Described as “unlike any museum in the world,” a train runs right in front of AMAC, thereby making in accessible. The museum is situated strategically to major cities in the country, including Washington DC. It has 26,000 Sq. feet of exhibition space located on the second floor, 4,000 Sq. feet library and research laboratory, four independent classrooms and separate children’s area, a theatre adjacent to a music gallery, a grand foyer connecting to a banquet area, tourism office and so on.

Aside from the museum in Norfolk, Virginia, the foundation plans to build another in Atlanta, Georgia where there are universities from the Southern parts of the state. “One can go to study at the museum in Atlanta, Georgia, and then from New York, Austin, Washington DC, Kentucky West Virginia, that area can use the museum in Norfolk to study and do research. It also promotes tourism, not only to the regions in the United States, but various regions and countries in the continent of Africa,” Professor James said.
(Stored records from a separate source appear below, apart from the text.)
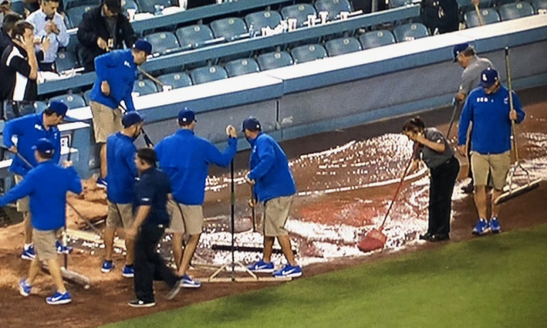 Well, that was an eventful night at Dodger Stadium last night! Matt Kemp‘s lead-off homer in the bottom of the 4th turned out to be the final real highlight of the spring. The Dodgers take the spring finale and the Freeway Series by a final score of 4-3 in 5 innings thanks to a plumbing problem that flooded stadium offices and left a pool of waste water flooding foul territory on the third base side of the ballpark.
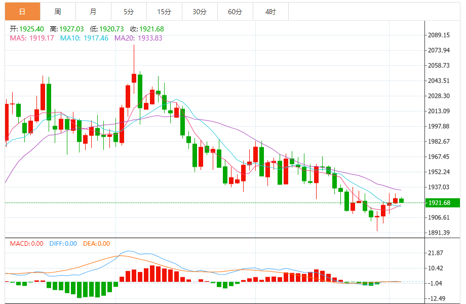 基本消息面 周三(7月5日),现货黄金短线突然一波急跌,金价正逼近1920美元/盎司关口。 相关新闻消息 金价周二小幅上升,但长期走势仍显示缺乏买家。 现货黄金周二收报1925.65美元/盎司,上升4.40美元或0.23%,盘中最高触及1930.75美元/盎司。 目前黄金交易员等待美联储会议纪要,预计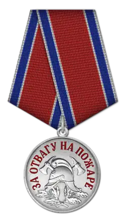 Medal "For Bravery in Firefighting" (Russian: Медаль «За отвагу на пожаре») is a state award of the Russian Federation. Established by Decree of the President of the Russian Federation dated September 15, 2018 No. 519 “On the establishment of the medal "For Courage in Fire" and the establishment of the honorary title "Honored Firefighter of the Russian Federation".[1][2]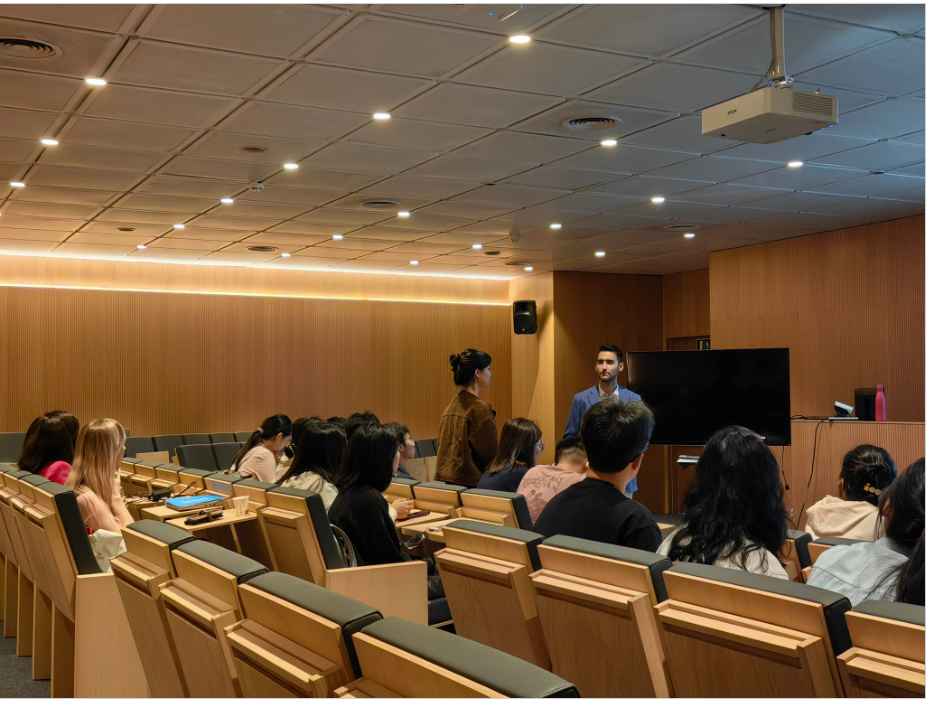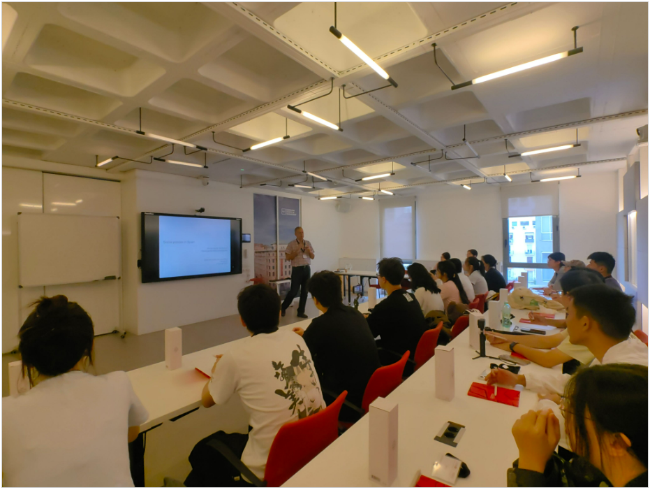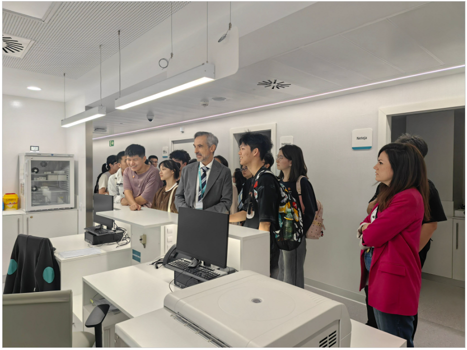 研学团深入参访西班牙多所知名学术与医疗机构,系统学习医学领域前沿知识,了解相应政策。在加泰罗尼亚国际大学,同学们聆听了由Carlos García Forero博士主讲的“西班牙的医学事业与研究”课程,以及Adrián González Marrón博士讲授的“西班牙卫生体系与公共视角”课程,全面了解西班牙医学前沿动态与公共卫生政策。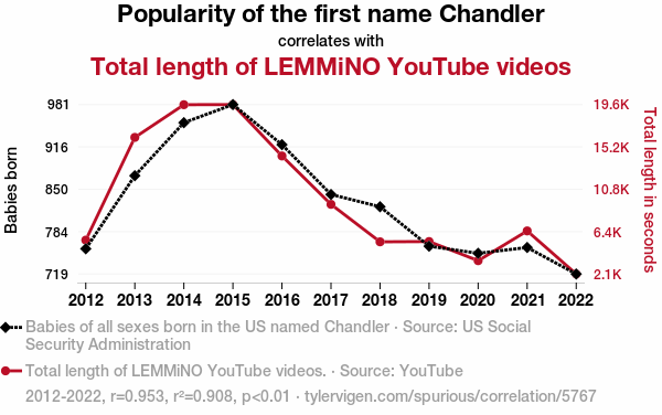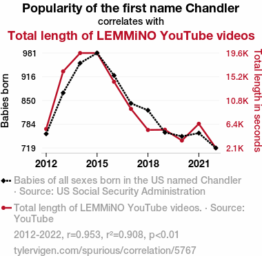 User prompt: Please provide potential search keywords for a paper titled Chillin' with Chandler or Channeling Data: The Correlation Between the Popularity of the Name Chandler and the Length of LEMMiNO YouTube Videos with an abstract of In this paper, we delve into the peculiar connection between the popularity of the name Chandler and the total length of LEMMiNO YouTube videos. Utilizing data obtained from the US Social Security Administration and YouTube, we embarked on an empirical investigation to explore this seemingly whimsical correlation. Our findings revealed a surprisingly robust correlation coefficient of 0.9530278 and a statistically significant p-value of less than 0.01, indicating a strong association between the two variables from 2012 to 2022. Our analysis not only provides insight into this intriguing relationship but also offers a glimpse into the unforeseen entanglements of nomenclature and digital content creation.
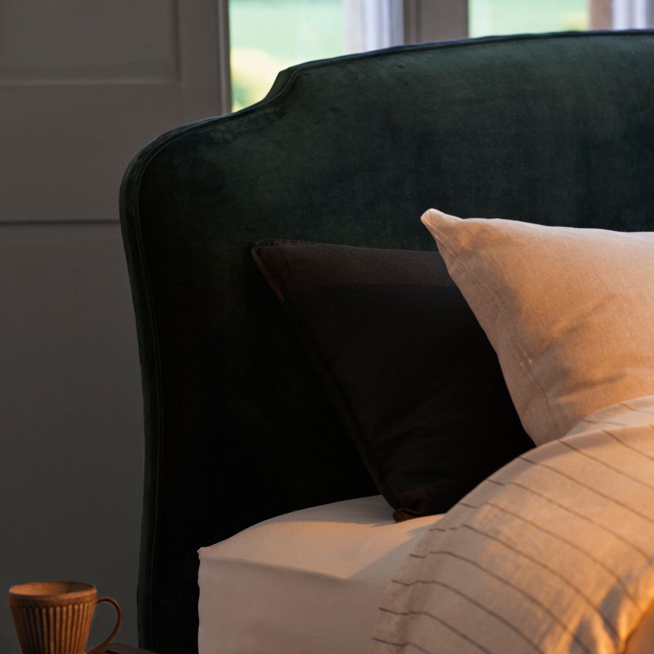 - Schlichtes Kopfteil mit geschwungener Linienführung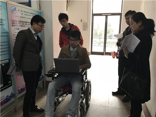 南京郵電大學杜安明正演示殘疾人關懷系統操作 值得一提的是,本次比賽中展示了一款基于腦電意念的殘疾人智慧健康關懷系統。制作團隊人員杜安明來自此次承辦比賽的南京郵電大學,他介紹此系統的困難點在于需要制作十分精細的深度學習算法。被提問到為何參與本次比賽時,杜安明解釋,本次比賽由本校承辦,而且這一方面有利于促進項目的推進,另一方面推動了南郵研究生和本科生對學術研究的共同參與。(李凌君) |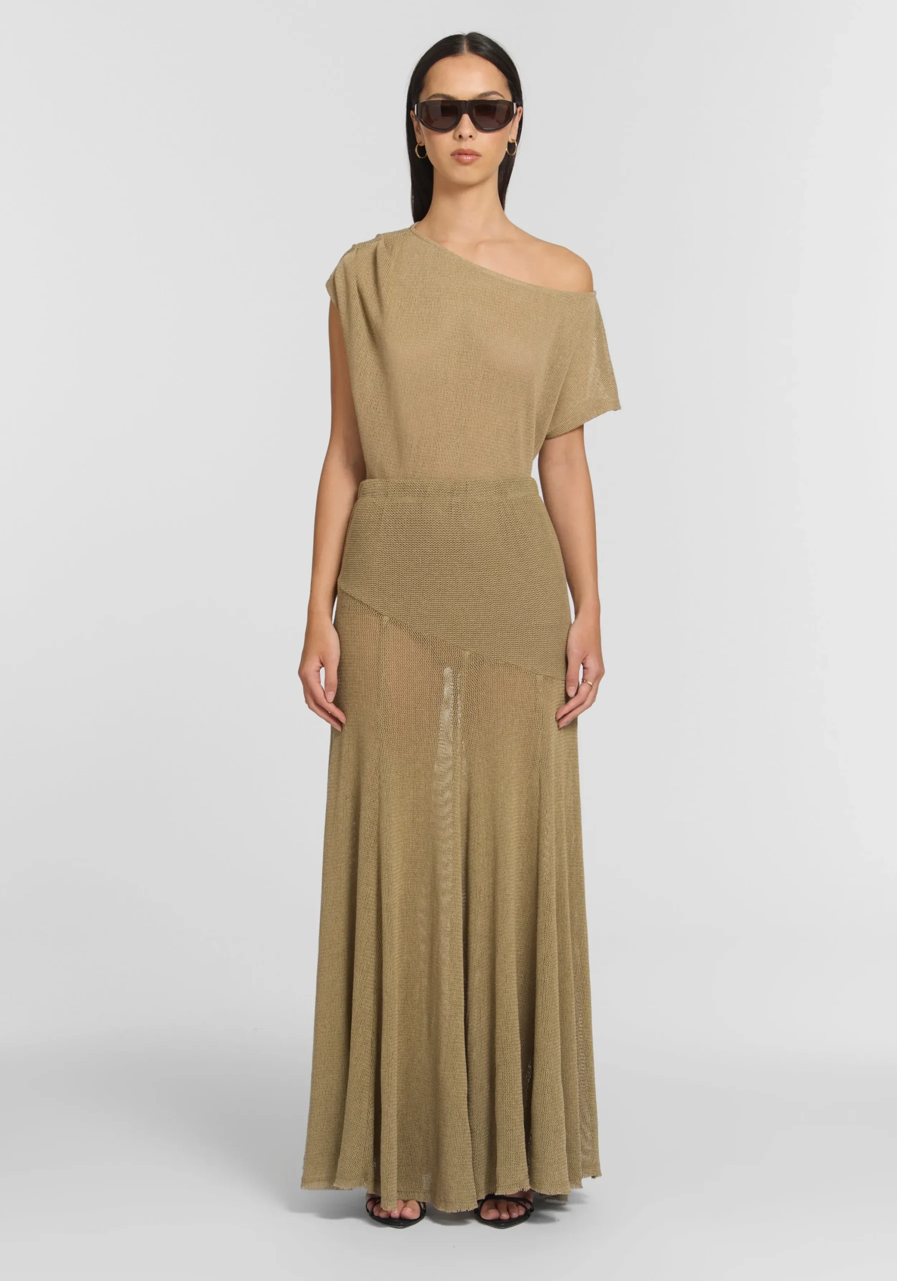 The Mayhem Skirt, a subtle statement realised in a sheer, tactile knit in soft sage, brings a fresh calm to modern dressing. Featuring an elasticated waistband, front yoke detail, and a soft bell-shaped silhouette with a raw-edge hem, it captivates with textured movement. Pair with the matching Wildcard Tee for an ethereal look that exudes artful confidence.MADE IN AUSTRALIA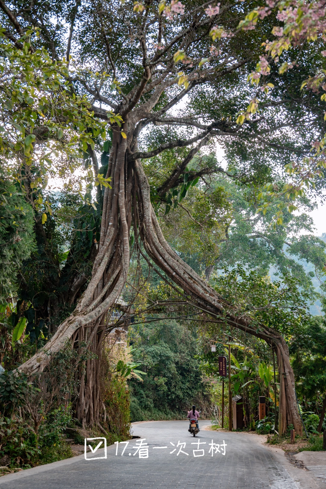 17.看一次古树:蜂王树(全树有70个蜂窝)、翁基古柏(在古佛寺里)、公主榕(芒景上下寨的寨门)、茶神树、夫妻大榕树(《一点就到家》取景地)、蜂神树、茶祖树等。

Mr. Anani who coordinates the foundation’s activities as regards Nigeria said the organisation’s visit has been fruitful in that it has visited notable stakeholders within a short period and established relationships. These include the Nigerian Export Promotion Council, the Economic Community of West African States (ECOWAS) commission and other private museums and galleries such as Thought Pyramid Arts Centre in Abuja. “The objective is to collaborate with them. The African narrative, before now, has not been passed to the world in the right way by other countries and individuals. We want to say these stories the way they are,” he said.